Records to process -
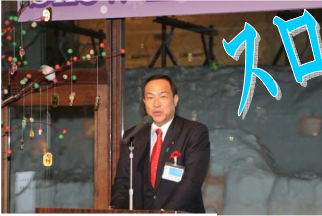
木浦上越市長様から開会のごあいさつをいただきました
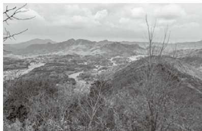
横山城本丸跡から北側の眺望 抜群の眺望で、敵が攻めてきてもすぐに気づくことができます。

現在の横山城跡は、地元の方が整備されていて、特に北側の眺望がすばらしく、麓はもちろん、益田平野まで見渡すことができます。見どころは本丸東側の4連続の堀切で、堀切の防御機能がよくわかります。
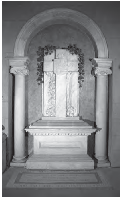
Sepulchre del bisbe Ramon Strauch
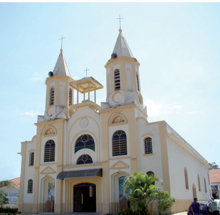
Igreja Matriz de Sant'ana é uma das mais bonitas da região

Em relação a vegetação, Roseira pode ser classificada como Mata Atlântica de Várzea do Paraíba do Sul. Inicialmente, era coberta pela floresta "Pluvial Tropical", atualmente é ocupada, quase na totalidade, pela rizicultura e cultura de hortaliças, plantio de eucaliptos, pastagens e vegetação secundária. Dentro da área de Proteção Ambiental de Roseira Velha, às margens do Rio Paraíba e em alguns pontos isolados de preservação, podemos encontrar mata nativa, vestígios de Mata Atlântica, de formações arbóreas, frutíferas, arbustivas e herbáceas.
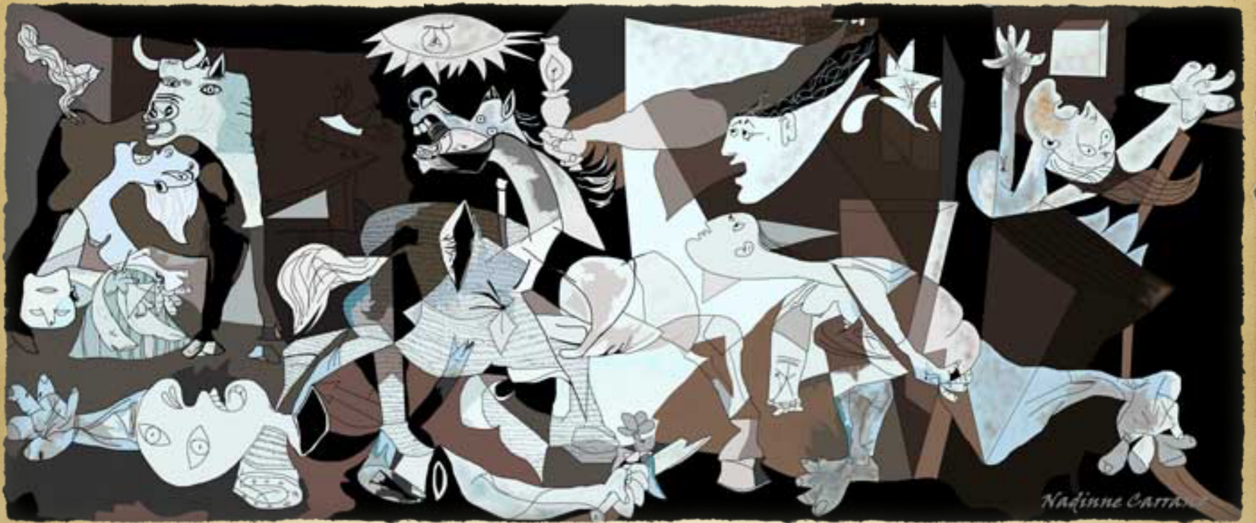
Guernica (Γκερνίκα) (1937) Pablo Picasso
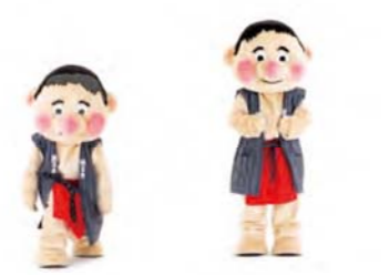
ピクニック 右足を前に出し、手を下からもちあげる
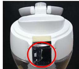
ロック解除状態でロックボタンを押すと蓋が開きます。
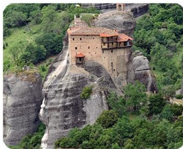
聖尼可拉斯修道院
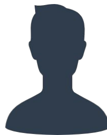
現役隊員の声その2

私たちが日常的にサポートしてくれる役場職員の皆さんは、こちらの問い合わせで分からない時があっても、すぐに調べて回答いただくので、 私たちが活動しやすいよう努力 してくれていると感じます！
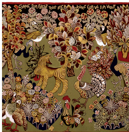
Garden party, D'après Dom Robert©Musée Dom Robert

Corpus de textes romantiques et des écrits d'Eugénie et Maurice de Guérin
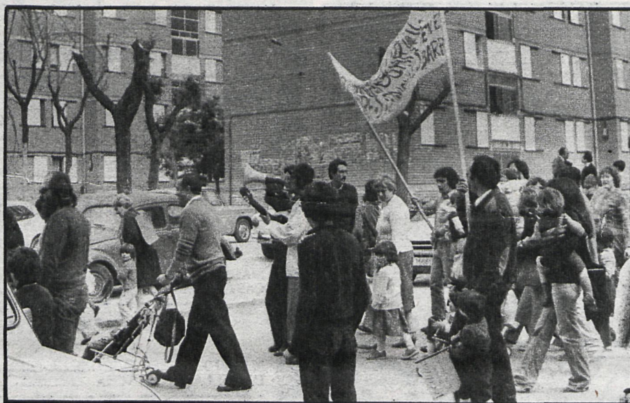
Educadores, partidos y padres apoyan la popular guardería de San Blas
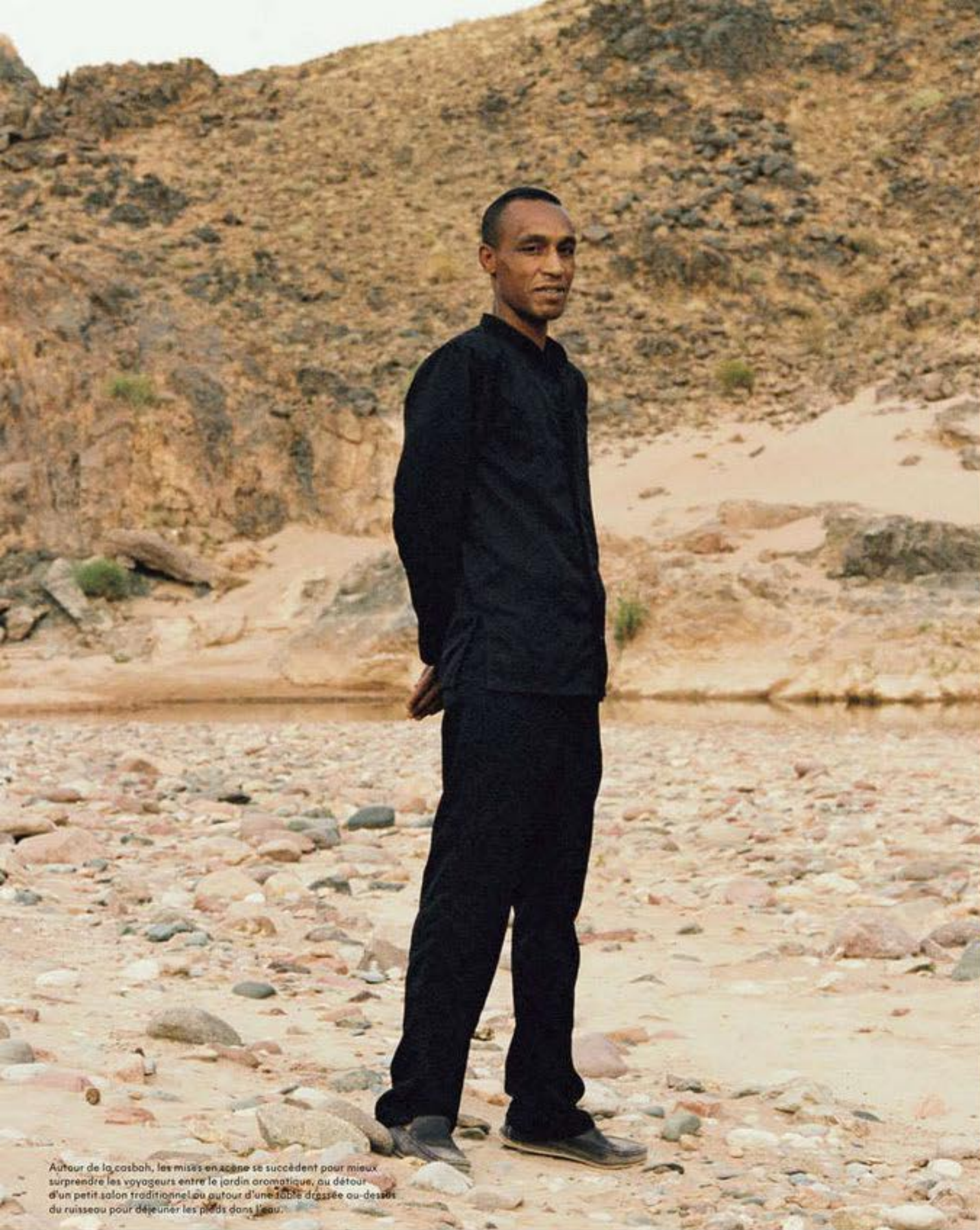
Autour de la casbah, les mises en scène se succèdent pour mieux surprendre les voyageurs entre le jardin aromatique, au détour d'un petit salon traditionnel ou autour d'une table dressée au-dessus du ruisseau pour déjeuner les pieds dans l'eau.
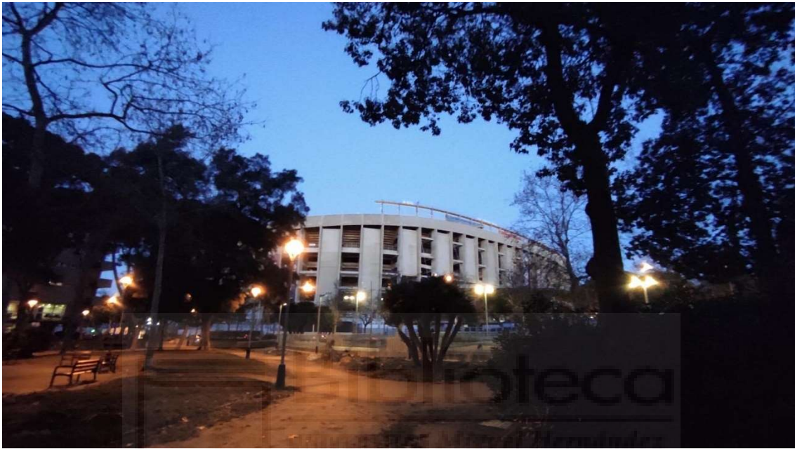
Figura 4. Jardines Bacardí, en los “Aledaños” del Camp Nou.

Directions for this task - Within the listing above, the lines starting at the one containing "Corpus de textes" and ending at the one containing "Educadores, partidos y" are to be returned exactly. Omit the pictures.

Solution for this task -
Corpus de textes romantiques et des écrits d'Eugénie et Maurice de Guérin
Educadores, partidos y padres apoyan la popular guardería de San Blas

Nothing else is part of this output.